Additionally, these changes build on Universal's already best-in-class English performance to bring significant upgrades to last-mile challenges, meaning that Universal faithfully captures the fine details that make transcripts useable, like proper nouns, alphanumerics, and formatting.

Comparative error rates across speech recognition models, with lower values indicating better performance. Descriptions of our evaluation sets can be found in our October release blog post.

You can read our launch blog to learn more about these Universal updates.

February 14, 2025

Ukrainian support for Speaker Diarization

Our Speaker Diarization service now supports Ukrainian speech. This update enables automatic speaker labeling for Ukrainian audio files, making transcripts more readable and powering downstream features in multi-speaker contexts.

Here's how you can get started obtaining Ukrainian speaker labels using our Python SDK:

import assemblyai as aai

aai.settings.api_key = "<YOUR_API_KEY>"
audio_file = "/path/to/your/file"

config = aai.TranscriptionConfig(
  speaker_labels=True,
  language_code="uk"
)

transcript = aai.Transcriber().transcribe(audio_file, config)

for utterance in transcript.utterances:
  print(f"Speaker {utterance.speaker}: {utterance.text}")

Check out our Docs for more information.

February 11, 2025

Claude 2 sunset

As previously announced, we sunset Claude 2 and Claude 2.1 for LeMUR on February 6th.

If you were previously using these models, we recommended switching to Claude 3.5 Sonnet, which is both more performant and less expensive than Claude 2. You can do so via the final_model parameter in LeMUR requests. Additionally, this parameter is now required.

Additionally, we have sunset the lemur/v3/generate/action-items endpoint.

February 10, 2025

Reduced hallucination rates; Bugfix

We have reduced Universal-2's hallucination rate for the string "sa" during periods of silence.

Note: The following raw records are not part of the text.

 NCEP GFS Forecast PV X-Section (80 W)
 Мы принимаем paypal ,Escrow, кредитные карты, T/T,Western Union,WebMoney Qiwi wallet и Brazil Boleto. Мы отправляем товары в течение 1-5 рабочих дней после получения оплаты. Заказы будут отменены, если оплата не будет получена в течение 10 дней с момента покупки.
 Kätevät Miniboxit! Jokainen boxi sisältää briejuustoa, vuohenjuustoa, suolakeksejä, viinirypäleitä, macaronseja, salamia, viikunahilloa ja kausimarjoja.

We have fixed a rare bug in our Speaker Labels service that would occasionally cause requests to fail and return a server error.

February 5, 2025

Multichannel audio trim fix

We've fixed an issue which caused the audio_start_from and audio_end_at parameters to not be respected for multichannel audio.

February 3, 2025

Platform enhancements and security updates

🌍 Simplified EU Data Residency & Management

We've simplified EU operations with instant access to:

  • Self-serve EU data processing via our EU endpointComplete data sovereignty for EU operations
  • Regional usage filtering and cost tracking
  • Reduced latency for EU-based operations

✅ Enhanced Security & Compliance

  • Full-scope SOC 2 Type 2 certification across all Trust Service Criteria
  • ISO 27001 certification achievement
  • Enhanced security controls across our infrastructure

You can read more about these new enhancements in our related blog.

January 31, 2025

Reduced hallucination rates

We have reduced Universal-2's hallucination rate for the word "it" during periods of silence.

January 15, 2025

New dashboard features

Two new features are available to users on their dashboards:

  1. Users can now see and filter more historical usage and spend data
  2. Users can now see usage and spend by the hour for a given day
December 20, 2024

Reliability improvements

We've made reliability improvements for Claude models in our LeMUR framework.

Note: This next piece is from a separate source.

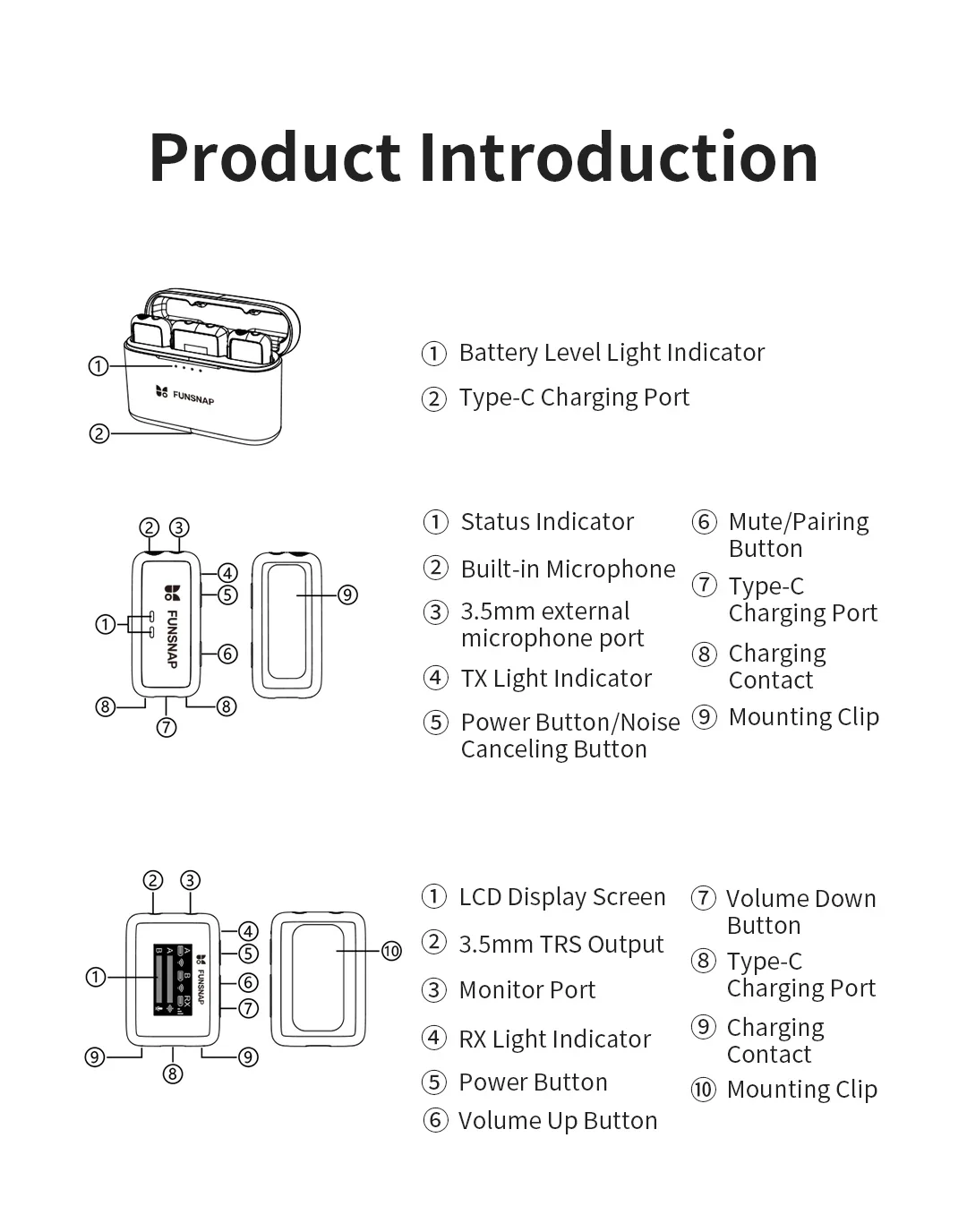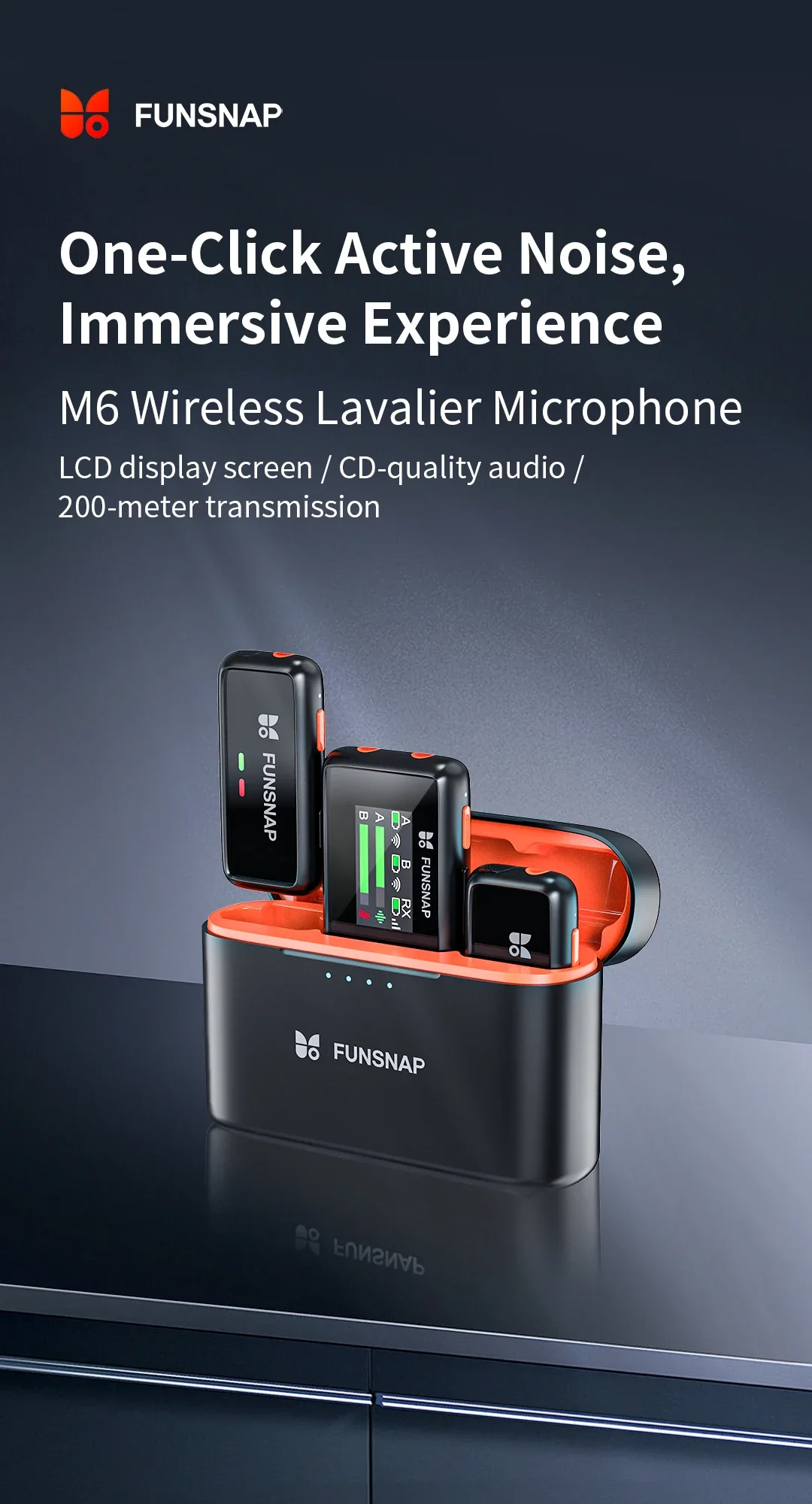 unsnap M6 Vezeték nélküli Lavalier Mikrofon, Fekete, Töltőtok, LCD Kijelző, Zajcsökkentés, Kompatibilitás: iPhone, iPad, Android, DSLR, PC

We've made adjustments to our infrastructure so that users should see fewer timeout errors when using our Nano tier with some languages.

December 19, 2024

LiveKit 🤝 AssemblyAI

We've released the AssemblyAI integration for the LiveKit Agents framework, allowing developers to use our Streaming Speech-to-Text model in their real-time LiveKit applications.

LiveKit is a powerful platform for building real-time audio and video applications. It abstracts away the complicated details of building real-time applications so developers can rapidly build and deploy applications for video conferencing, livestreaming, and more.

Check out our tutorial on How to build a LiveKit app with real-time Speech-to-Text to see how you can build a real-time transcription chat feature using the integration. You can browse all of our integrations on the Integrations page of our Docs.